Revolution.Macht.Migration.
Von Bernd Kasparek
Revolution. Macht. Migration.
Die EU-Migrationskontrolle bietet nach dem „arabischen Frühling“ offene Flanken für antirassistische Interventionen.
Der „arabische Frühling“, die erfolgreichen und folgenreichen Revolutionen im Maghreb, hat nun auch wieder Lampedusa in den Mittelpunkt des medialen Interesses gerückt. Zumindest was das Thema Migration nach Europa betrifft. Denn täglich kommen dort Flüchtlinge an, und dies schon seit Februar. Das vormals existierende System der Vorverlagerung, also die Einbindung der nordafrikanischen Staaten in die europäische Migrationsverhinderung im Mittelmeerraum, das vor allem Italien meisterhaft umsetzte, ist mit den Revolutionen in Tunesien und Ägypten sowie dem Bürgerkrieg in Libyen erst einmal zusammengebrochen. Aufsehen erregte die tunesische Übergangsregierung, die die von Italien geforderte Stationierung von EU-Polizistinnen und -Polizisten in Tunesien zu Zwecken der Migrationsverhinderung brüsk zurückwies und ihren Sprecher erklären ließ, Roberto Maroni – italienischer Innenminister von der Lega Nord – sei ein „rechtsextremer Rassist“. Aber vor allem ein möglicher Fall des Regimes Gaddafi in Libyen würde der italienischen Regierung ihren Kooperationspartner abhanden kommen lassen.
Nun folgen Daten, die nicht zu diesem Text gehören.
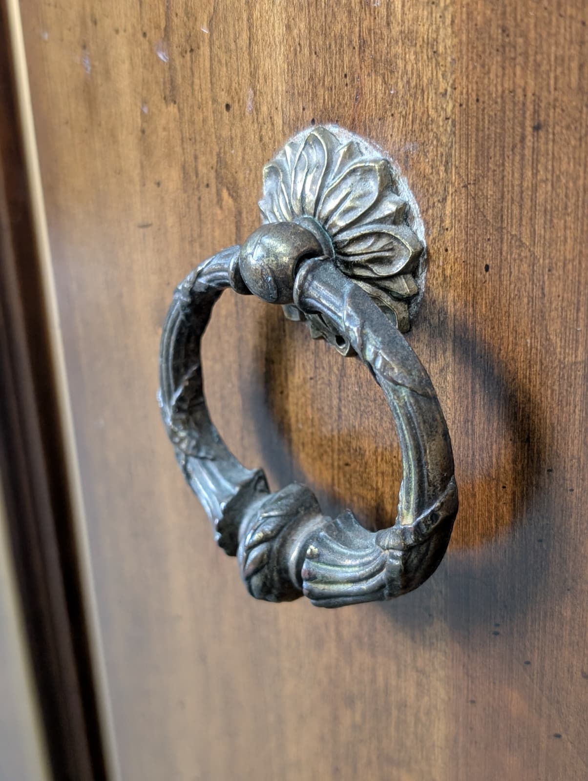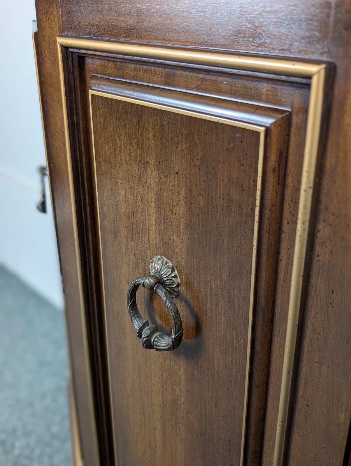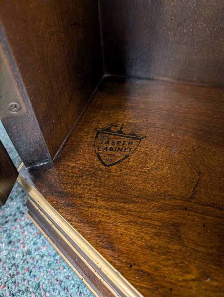Excellent entry cabinet by Jasper Cabinet Co. Features solid walnut wood construction, slim space saving design with Spanish revival accents. Great in an entryway, hallway or any tight space you need a little extra storage. Made in 🇺🇸 USA!Â

Die medialen und politischen Reaktionen in Europa waren vorhersehbar. Schon als die ersten Menschen aus (Nord-)Afrika in Lampedusa ankamen, wurde wieder das alte Bild der „Flüchtlingsströme“ bemüht. Die italienische Regierung phantasierte einen „Exodus biblischen Ausmaßes“ herbei, Europa sah sich wieder von einer „Flut an Flüchtlingen“ bedroht. Schnell wurden Rufe nach der europäischen Grenzschutzagentur Frontex laut, die auch sofort den Beginn der schon lange geplanten „Operation Hermes“ im Mittelmeer vorzog und seitdem verstärkt im zentralen Mittelmeer aktiv ist. Die italienische Regierung forderte zudem eine Aussetzung des Dublin-II-Systems, welches vorsieht, dass das Land der ersten Ankunft (hier: Italien) für die Durchführung eines Asylantrags zuständig ist. Die restlichen europäischen Staaten – allen voran Deutschland – reagierten stereotyp und lehnten die Aufnahme von Flüchtlingen ab.
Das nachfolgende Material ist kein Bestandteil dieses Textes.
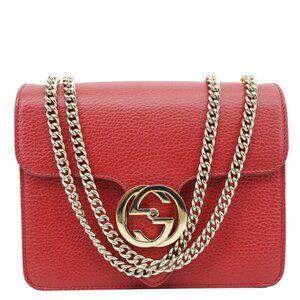 The Gucci Interlocking GG Small Dollar Calfskin Leather Crossbody Bag in Red features a sleek design with an iconic GG motif and polished gold hardware. Crafted from high-quality calfskin leather, it adds a touch of luxury to any outfit.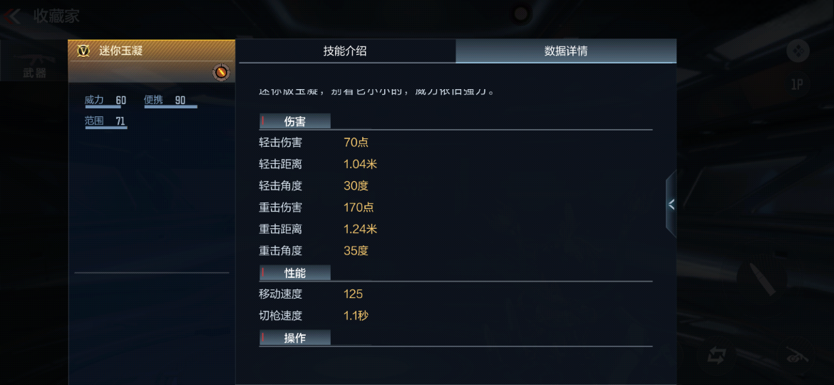 那么问题来了,迷你玉凝在“掌中宝”系列近战武器之中排行第几呢?为了便于大家更直观的查看武器数据,我列了一份表单。另外该武器的轻击头部伤害为180,躯干90,腿部57;重击头部伤害为360,躯干190,腿部121。很常规的轻击两下死,重击一下死,爆头除外。

Flüchtlinge? Wir wollen arbeiten!
Doch die zumeist aus Tunesien Migrierten auf Lampedusa selbst erklärten sich keineswegs zu Flüchtlingen. Sie gaben an, arbeiten und Geld verdienen zu wollen. Die Transformation des Mittelmeers in eine undurchdringliche Grenze zwischen Europa und Nordafrika, welche die EU vor allem im ersten Jahrzehnt dieses Jahrtausends forcierte, hatte die schon lange bestehenden (Arbeits-)Migrationsmuster zwischen Nordafrika und Europa unterbrochen. Bis Anfang April nutzten rund 20.000 Tunesierinnen und Tunesier die Möglichkeit, die die dramatisch veränderten Umstände boten und brachen nach Lampedusa auf. Dabei kann es als wunderschöne Ironie der Geschichte gelten, dass die Unmöglichkeit der Migration eine der Voraussetzungen der tunesischen Revolution war. Denn viele Protagonistinnen und Protagonisten der tunesischen Revolution – gut ausgebildete, aber dennoch arbeitslose junge Menschen – sind eigentlich die klassischen, wenn auch in diesem Fall womöglich verhinderten, Auswandererinnen und Auswanderer. So thematisierte auch Mahdi Mabrouk, Soziologe und Migrationsexperte an der Universität von Tunis, den Zusammenhang zwischen Migration und Revolution: „Wenn du einen Saal hast und die Fenster und Türen abschließt, werden die Menschen, die drinnen fest sitzen, natürlich rebellieren.“ Welchen Beitrag die europäische Abschottungspolitik tatsächlich zu der geglückten Revolution in Tunesien geleistet hat, gilt es zu erforschen, dennoch ist klar, dass die neuen Entwicklungen in Nordafrika auch für Europa nicht ohne Folgen bleiben werden.